Whole milk has too much fat in it, meaning the drink can easily lead to weight gain.
The Cleveland Clinic advises diabetics to switch to two percent , one percent or skimmed milk.
The experts warned: “Keep in mind that one cup of skim milk has 12 grams of carbohydrates.
“If you don’t like milk or are lactose intolerant, you can drink almond milk, rice milk or soy milk instead—but remember to get the low sugar varieties.”
Fatty sausages, hot dogs and Bratwursts are not the best food to eat if you’re diabetic.
The clinic’s experts said: “These grilled little favourites are still high in saturated fat and sodium—yes, that even includes turkey dogs!
“Try to avoid them or eat them only occasionally.”
Cereals can be packed with fibre and really good for diabetes, but you should avoid sweetened cereals at all costs.
The clinic site reads: “These are high in carbohydrates because of the added sugar.
“Go for the plain cereals and add a little fruit or artificial sweetener.”
Packaged lunch meats
If you eat a ham sandwich daily, that needs to change.
Packaged lunch meats are high in saturated fat and sodium.
The team advised: “Check your deli for low sodium meats or use sliced meat that you’ve roasted at home to make your sandwiches.
“Also remember that sandwich toppings can be very unhealthy too (think high-fat mayonnaise).
“Instead add flavour to your sandwiches with mustard, veggies or a little bit of hummus.”
Who doesn’t love pancakes covered in syrup? Unfortunately, this should be a once in a while treat for diabetics.
Pancake syrup is very high in carbohydrates, whereas light or low-calorie syrup usually contains at least half the carbs of regular.
You should opt for a small portion of a healthier syrup.
The clinic stresses: “Take a look at the food label and use sparingly.”
Big fan of sherbet or other sweet treats? It’s time to cut them loose!
The site reads: “Many people believe sherbet is a good alternative to ice cream, but a half cup of sherbet has almost double the carbohydrates of a half cup of ice cream.”
Fast food baked potatoes
The baked potato is a healthy food, but not when you start adding things.
The site explains: “You take a relatively healthy item—the plain baked potato—and add cheddar cheese, butter, sour cream, ranch dressing or bacon and it just turned into a high-sodium, fat laden disaster.

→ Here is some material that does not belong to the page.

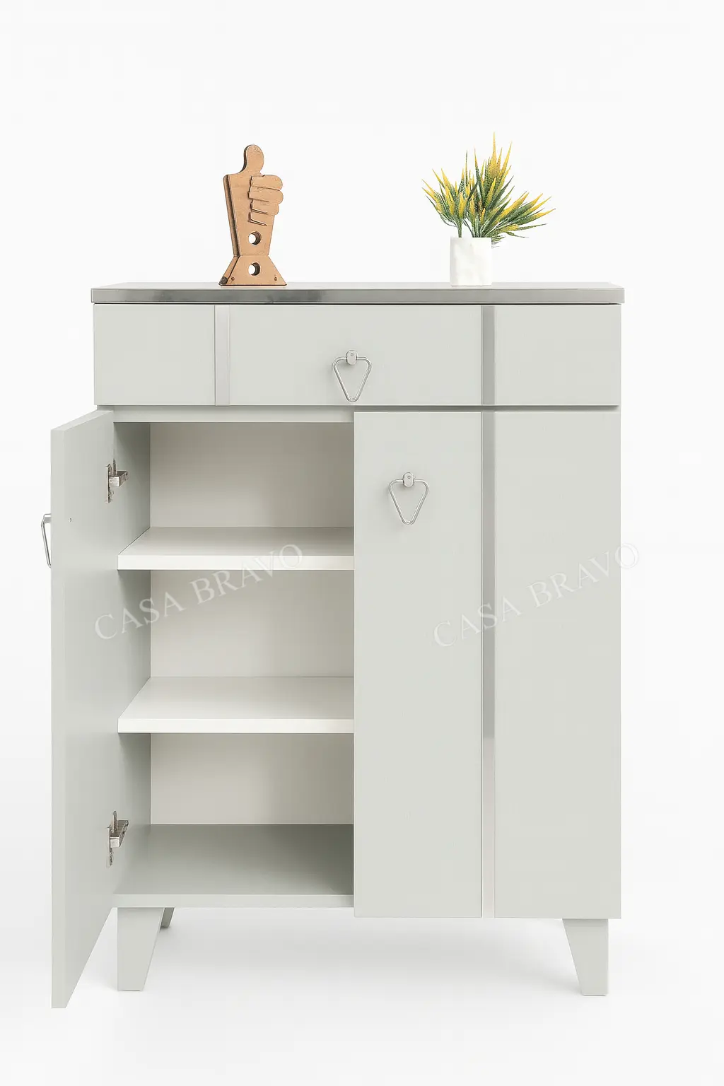 * Storage: It includes a shallow top drawer with a unique heart-shaped (or ring) pull, perfect for keys and accessories. Below, two hinged doors open to reveal two fixed internal shelves for organizing shoes and other items.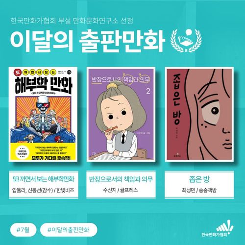 (서울=연합뉴스) 김경윤 기자 = 한국만화가협회 부설 만화문화연구소는 26일 7월 이달의 출판만화로 '또! 까면서 보는 해부학 만화', '반장으로서의 책임과 의무', '좁은 방'을 선정했다.

“The same goes for nachos and other cheese-covered appetizers when eating out.”
It’s no secret that fried foods are not good for anyone.
The Cleveland Clinic explains: “The fat is absorbed into the food and leads to high cholesterol and weight gain which can increase your risk of developing type 2 diabetes or worsen control if you already have diabetes.
“This goes for everything from French fries to fried chicken to that panko-crusted tilapia at your favorite restaurant.
“Try baking or broiling your food or even consider checking out the new air fryers that use hot air instead of oil. They are a healthier option than deep-fat fryers.”